Nio was able to increase its electric vehicle shipments in August versus July. However, competitors Li Auto and Xpeng saw a sharp drop in deliveries. Electric vehicle players are still facing supply chain disruptions due to the resurgence of COVID in China as well as weak consumer demand due to the difficult economic environment in the country.
Publishing in the future | Publishing in the future | Getty Images
Inventories of Chinese electric car makers Nio, Li Auto and Xpeng tumbled Thursday after the latter two companies reported sharp declines in vehicle deliveries in August.
Here are the August delivery numbers for the three companies:
- Lee Otto: 4,571 vehicles were delivered in August, down 56% compared to July’s count of 10,422 vehicles. This number is also down 51% year over year.
- Xpeng: 9,578 cars were delivered in August, down 16% compared to July’s count of 11,524 cars. However, this represents a 33% increase year over year.
- New10,677 vehicles were delivered in August, an increase of 6% compared to July’s number of 10,052 vehicles. That was also up 81.6% year over year.
Nio was the only company that grew month-over-month in August, but the US-listed shares of the EV company closed down 5%. Li Auto shares are down 3% while Xpeng shares are down more than 6%.
In morning trading on Friday, Hong Kong-listed Nio and Li Auto shares fell 0.6% and 0.3%, respectively. Xpeng shares in the city fell 2%.
The Chinese economy faces a number of challenges, including the resurgence of Covid-19 that has seen major cities like Shanghai shut down.
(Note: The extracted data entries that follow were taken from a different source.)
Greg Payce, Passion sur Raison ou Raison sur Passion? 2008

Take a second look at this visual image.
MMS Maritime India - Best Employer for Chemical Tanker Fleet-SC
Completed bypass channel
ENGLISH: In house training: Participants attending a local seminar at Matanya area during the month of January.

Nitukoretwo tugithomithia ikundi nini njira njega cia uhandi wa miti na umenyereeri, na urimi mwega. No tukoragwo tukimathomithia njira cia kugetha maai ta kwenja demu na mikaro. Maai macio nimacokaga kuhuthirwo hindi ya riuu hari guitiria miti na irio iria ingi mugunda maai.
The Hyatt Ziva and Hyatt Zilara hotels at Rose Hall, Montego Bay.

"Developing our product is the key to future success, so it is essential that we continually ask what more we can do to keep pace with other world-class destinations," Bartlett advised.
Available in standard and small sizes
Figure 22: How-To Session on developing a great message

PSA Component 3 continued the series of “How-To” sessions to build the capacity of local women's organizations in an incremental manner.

In the past few days, the China Tech Center in Shenzhen, imposed restrictions on Covid, and on Thursday, the mega-city of Chengdu was closed.
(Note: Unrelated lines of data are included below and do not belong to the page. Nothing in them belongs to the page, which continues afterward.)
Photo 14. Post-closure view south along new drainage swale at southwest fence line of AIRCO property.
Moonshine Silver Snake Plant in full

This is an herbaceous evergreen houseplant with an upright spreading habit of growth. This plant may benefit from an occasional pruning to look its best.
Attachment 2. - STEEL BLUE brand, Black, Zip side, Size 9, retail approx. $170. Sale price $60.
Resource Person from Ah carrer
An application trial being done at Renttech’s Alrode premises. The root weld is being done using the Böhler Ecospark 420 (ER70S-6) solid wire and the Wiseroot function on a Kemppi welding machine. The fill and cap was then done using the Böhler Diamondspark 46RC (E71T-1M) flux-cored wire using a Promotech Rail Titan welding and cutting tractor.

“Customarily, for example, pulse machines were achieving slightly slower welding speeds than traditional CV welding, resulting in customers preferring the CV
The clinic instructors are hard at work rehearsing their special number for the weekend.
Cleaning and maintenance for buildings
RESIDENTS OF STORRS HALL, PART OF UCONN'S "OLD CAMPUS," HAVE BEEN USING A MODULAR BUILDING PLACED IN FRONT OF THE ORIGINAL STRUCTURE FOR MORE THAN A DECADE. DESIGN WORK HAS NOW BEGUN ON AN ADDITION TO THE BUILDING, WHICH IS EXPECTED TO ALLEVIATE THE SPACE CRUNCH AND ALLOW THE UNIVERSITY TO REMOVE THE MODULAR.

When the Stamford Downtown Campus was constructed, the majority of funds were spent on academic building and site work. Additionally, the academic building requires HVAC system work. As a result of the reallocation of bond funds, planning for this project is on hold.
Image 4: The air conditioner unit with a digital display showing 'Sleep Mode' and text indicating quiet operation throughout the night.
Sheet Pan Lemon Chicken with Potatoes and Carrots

While some cities have reopened, consumer sentiment remains fragile and uncertainty reigns as a result of China’s “zero COVID” policy.
The world’s second largest economy is also facing an energy crisis affecting electric car charging stations. Last month, Tesla and Nio suspended some of their charging services.
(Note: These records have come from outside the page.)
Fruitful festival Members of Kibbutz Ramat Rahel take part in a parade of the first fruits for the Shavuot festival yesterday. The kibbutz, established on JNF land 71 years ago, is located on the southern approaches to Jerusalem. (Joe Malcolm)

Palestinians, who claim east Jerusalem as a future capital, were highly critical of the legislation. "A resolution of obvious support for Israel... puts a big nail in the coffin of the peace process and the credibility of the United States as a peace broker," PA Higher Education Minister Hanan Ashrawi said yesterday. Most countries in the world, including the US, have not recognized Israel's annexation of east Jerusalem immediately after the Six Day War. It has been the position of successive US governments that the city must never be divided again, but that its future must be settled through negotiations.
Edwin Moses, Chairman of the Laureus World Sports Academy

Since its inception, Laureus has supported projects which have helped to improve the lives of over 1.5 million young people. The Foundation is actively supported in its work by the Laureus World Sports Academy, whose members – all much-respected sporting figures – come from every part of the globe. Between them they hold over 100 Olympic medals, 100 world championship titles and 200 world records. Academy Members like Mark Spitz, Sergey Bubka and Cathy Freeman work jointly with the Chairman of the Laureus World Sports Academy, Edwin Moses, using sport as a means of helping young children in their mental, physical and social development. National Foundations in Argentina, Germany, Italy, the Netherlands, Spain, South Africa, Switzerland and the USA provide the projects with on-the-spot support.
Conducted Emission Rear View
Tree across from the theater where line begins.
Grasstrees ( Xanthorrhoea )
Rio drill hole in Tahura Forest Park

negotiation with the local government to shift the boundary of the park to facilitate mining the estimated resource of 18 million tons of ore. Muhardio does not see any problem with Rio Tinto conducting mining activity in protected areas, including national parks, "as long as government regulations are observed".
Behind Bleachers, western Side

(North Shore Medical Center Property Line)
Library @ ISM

These issues are filtered down to electric vehicle sales.
Bill Russo, chief executive of Shanghai-based Automobility, told CNBC that the numbers “reflect lingering supply chain issues as well as the fact that they are at the upper end of the price range and with the economy weakening, people are looking toward affordability and this is putting pressure on some of the higher models.” pricey.”
Last month, Xpeng said it expects to deliver between 29,000 and 31,000 electric vehicles in the third quarter of the year. This directive disappointed investors.
Xpeng President Brian Gu said the guidance reflects the fact that the industry is entering a “relatively slow season” and that shop traffic is less due to the Covid situation.
Yanan Xin, president of Li Auto, said in an earnings call last month that the Covid outbreak had “severely affected” the company’s supply chains, and that there were “disruptions and difficulties” remaining.
Shen also said there is a slowdown in demand for its flagship Li One sports car.
Li Auto started delivering its new L9 to customers at the end of August. The company said it plans to launch and deliver a large SUV called the Li L8 in early November. That could affect Li One’s sales, according to Russo.
“Li has launched major new products with L9 and L8 which also affects consumer demand for Li One. When new products appear, the demand for old model is often affected,” said Russo.
To stimulate demand, China said last month it would extend the tax credit for new energy vehicle purchases until the end of 2023.
The competition continues to heat up in the electric vehicle market in China. Along with the new Li Auto vehicles, Xpeng plans to start deliveries of its new G9 SUV in October and launch two new vehicles next year.